Part III: וּבֵֽרַכְתָּ֙ : Overflowing
וּבֵֽרַכְתָּ֙ literally means “and you will bless God,” you will come to thank God for this satiety, for this flow. Gratitude is a kind of overflow back outward to God and to others. The word brachah in uverachta also has the connotation of such an overflow of blessing. It implies fruitfulness and multiplicity and plenty, a cornucopia, a spilling over of goodness.
So in this third part of the process, the movement becomes one of overflow, of giving out, of sharing. Kosi revayah (Psalm 23:5), we say. My cup overflows with divine blessing. I am so filled with never ending blessing that there is no sense of scarcity in me and instead a feeling of great generosity; I have so much, that I am not just full, save’a, but also overflowing with this gift that wants to flow through me and out to nourish others. It is limitless, this flow, so when it goes out of me, I lose none for myself. I become not just a vessel to hold the love, but a channel through which it can flow out to everything and everyone around me.

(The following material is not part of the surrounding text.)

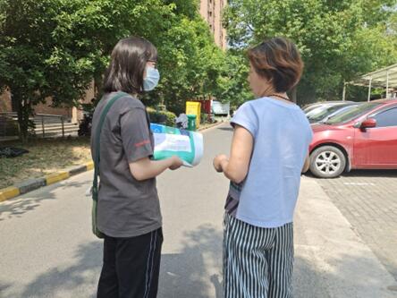 6月16日到17日,實(shí)踐小隊(duì)調(diào)研的對象為較高年齡的人群。圖中的一位女士便是其中一位。在采訪中,這位女士表示自己對垃圾分類的了解程度并不高,平時(shí)并沒有垃圾分類的習(xí)慣。實(shí)踐小隊(duì)成員首先介紹垃圾分類的相關(guān)知識,之后實(shí)踐小隊(duì)成員向這位居民提了幾個相關(guān)問題,這位居民的回答完全正確,并且表示今后會認(rèn)真對待垃圾分類這件事。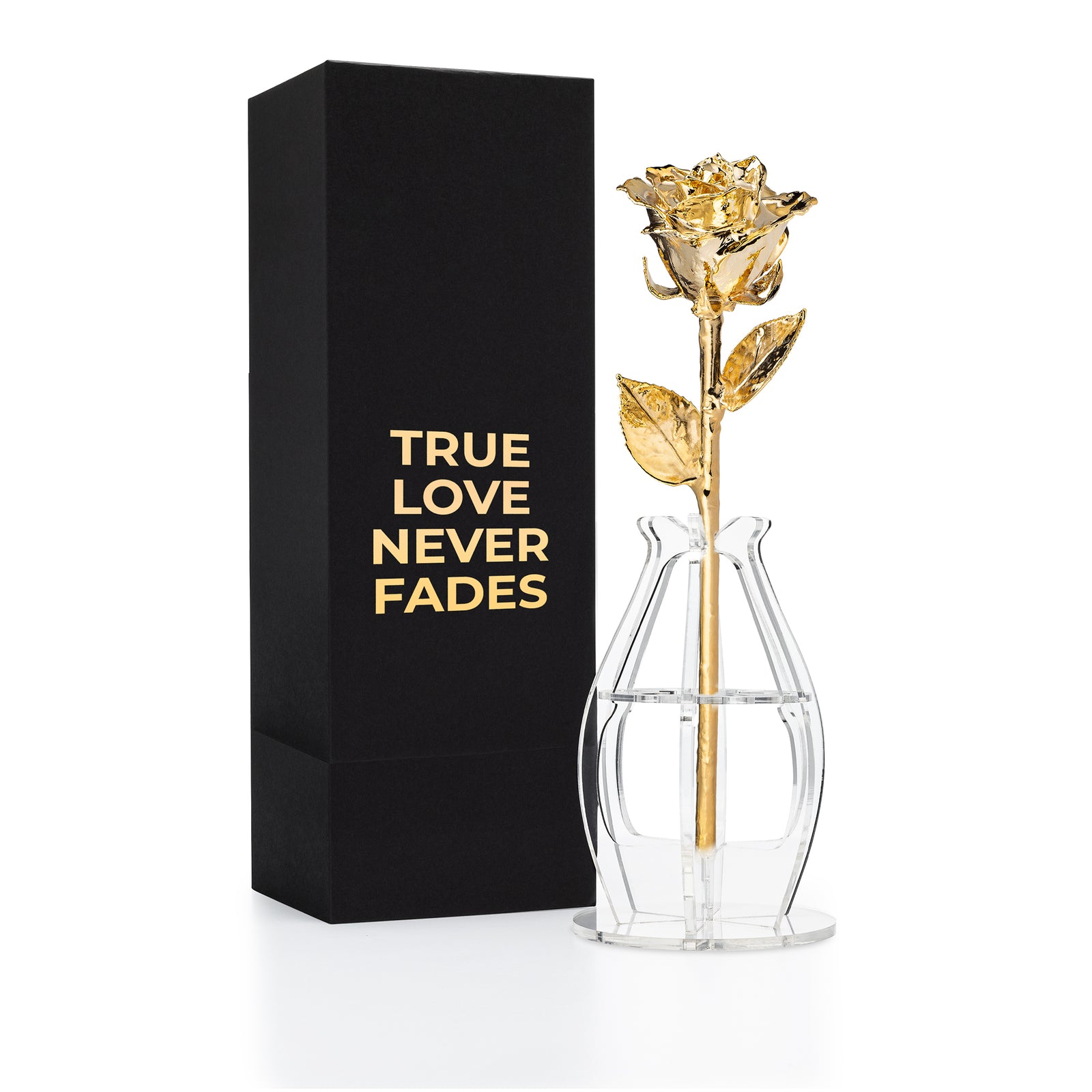 "True Love Never Fades" Personalized 24K Gold Forever Rose Combo with Bloom Box & Phantom Vase™ Combo

Kosi revayah. My cup overflows. It is your own cup that overflows. It is you, the divine essence of you, that overflows. In this process something changes in you. You go from being identified with the hunger, the pit, the open mouth, to being identified with the overflowing stream. What you discover in this process is that you are part of the larger stream of love in the universe. Our parsha describes the destined land as eretz nahalei mayim ayanot utehomot, “a land with streams and springs and fountains” (Deut 8:7). That is who you grow to become. You become a land of flowing streams and water. You become eretz zavat halav udevash, you become “a land flowing with milk and honey.” You have plenty for yourself and others because you are tapped in to the wider neverending flow of the divine in the universe. You become this flow. Perhaps you always were this flow but didn’t know it. There is so much that wants to pour out of you.
Putting It All Together:
Putting the three parts together: Veakhalta vesavata uverakhta. We open, we are filled and we overflow. Ve’akhalta, feeling first the need, the hunger, the hole, letting yourself open like a little bird, then vesavata, receiving, filling with the warmth of divine love all through your body, and then uverachta, letting it pour outward, passing it on without losing any. Opening, filling and overflowing. Becoming a channel for the divine flow of love in the universe.